Sing, nightingale, sing tonight
In our garden of delight.
In your wings of song enfold us,
If we slumber wake us,
From all intrusion guard us
From all detection hide us.
The exclamations of how lovely, how delicate, what sensitivity, prompted the head of culture, as if with the devil at his elbow, to recollect another song describing the same women, this time
from the men’s point of view.
Happy lads who woo them, happy lads who love them
Happy lads who count them theirs . . .
Retribution came swiftly at an emergency meeting of the Party Committee before the week was out.

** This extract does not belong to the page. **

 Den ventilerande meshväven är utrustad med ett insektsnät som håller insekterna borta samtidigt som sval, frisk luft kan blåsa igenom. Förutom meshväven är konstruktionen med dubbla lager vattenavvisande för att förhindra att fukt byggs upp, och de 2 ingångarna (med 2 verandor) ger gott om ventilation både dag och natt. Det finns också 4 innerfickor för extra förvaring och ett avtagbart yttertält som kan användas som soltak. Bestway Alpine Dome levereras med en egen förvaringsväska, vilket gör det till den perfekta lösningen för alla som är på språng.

The meeting denounced decadent trends in the city, nostalgia for the overthrown feudal-bourgeois
order and the cult of declassed ladies, whose degraded songs were cunningly described simply as “women’s songs” instead of “songs of the elite”, as our literary
critics have classified them.
Angry voices were raised. “Who’s at the bottom of this?” The head of culture fainted twice. Towards midnight the Party chairman made a start on his closing speech with a
quotation from Lenin. “Your most dangerous enemy is the one you forget.” He spared no one, not even himself. “Our enemies have caught us napping. Decadence, thrown out the front
door, has returned through the back window.” Before properly settling accounts with the notions of Nietzsche, perpetual motion and other perversities, the city was confronted with this
virulent plague: its ladies. It was no coincidence that this was happening at a time of renewed tension with Greece and that the US Sixth Fleet had been patrolling the Mediterranean for days.
“We will punish the culprits without mercy. Brace yourself for the worst.”

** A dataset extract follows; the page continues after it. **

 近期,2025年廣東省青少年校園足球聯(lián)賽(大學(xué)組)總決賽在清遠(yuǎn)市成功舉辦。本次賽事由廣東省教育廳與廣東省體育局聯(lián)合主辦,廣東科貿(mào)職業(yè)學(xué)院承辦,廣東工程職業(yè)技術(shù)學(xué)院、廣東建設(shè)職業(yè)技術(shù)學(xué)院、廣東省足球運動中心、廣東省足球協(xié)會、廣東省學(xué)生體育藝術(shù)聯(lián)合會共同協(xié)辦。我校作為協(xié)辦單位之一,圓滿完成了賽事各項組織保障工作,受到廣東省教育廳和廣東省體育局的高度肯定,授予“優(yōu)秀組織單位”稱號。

Shortly after the meeting ended, towards two in the morning, the head of culture shot himself.
THE CITY CONFRONTS ITS LADIES
The bullet that claimed the life of the head of culture was also in a way the first shot in a war between the city’s new authorities and its ladies. For those in the know
it was obvious that the head of culture had died a victim of his own nostalgia for the ladies but, for reasons that remained unknown, this detail was quickly concealed and he was portrayed as their
opponent, indeed a sort of first martyr in this new battle.

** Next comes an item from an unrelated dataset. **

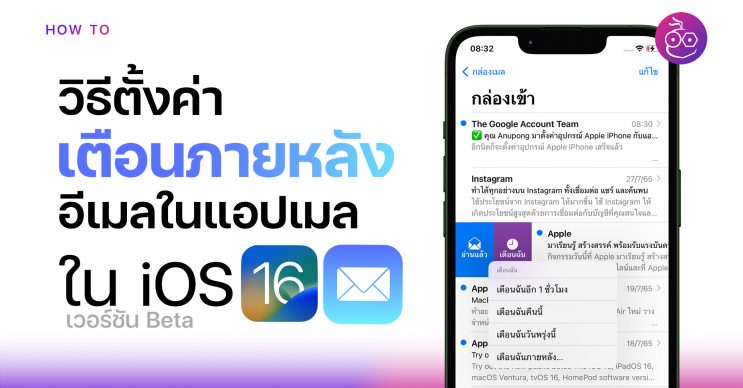 ใน iOS 16 แอปเมล (Mail) ได้รับการปรับปรุงใหม่ที่มีประโยชน์และสะดวกต่อการใช้งานมากขึ้น ในบทความนี้ทีมงานจะมาแนะนำหนึ่งคุณสมบัติใหม่ “เตือนภายหลัง (Remind Later)” ที่ช่วยตั้งค่าการเตือนความจำอีเมลที่เราต้องการดูภายหลังได้

The meetings to denounce the ladies, unlike the usual ones, were conducted not only without cheering or music but with a sombre, even academic tinge that seemed appropriate to their subject.
This was especially true of the opening presentation entrusted to the elderly antiquarian Xixo Gavo, which, despite its imposing title “A Thousand Years of Ladies”, was merely a
recitation of an interminable list of the city’s ladies from 1361 until the previous week. Nobody in the audience understood what it was for but this did not prevent them from applauding the
old historian when the list, and with it his speech, came to an end.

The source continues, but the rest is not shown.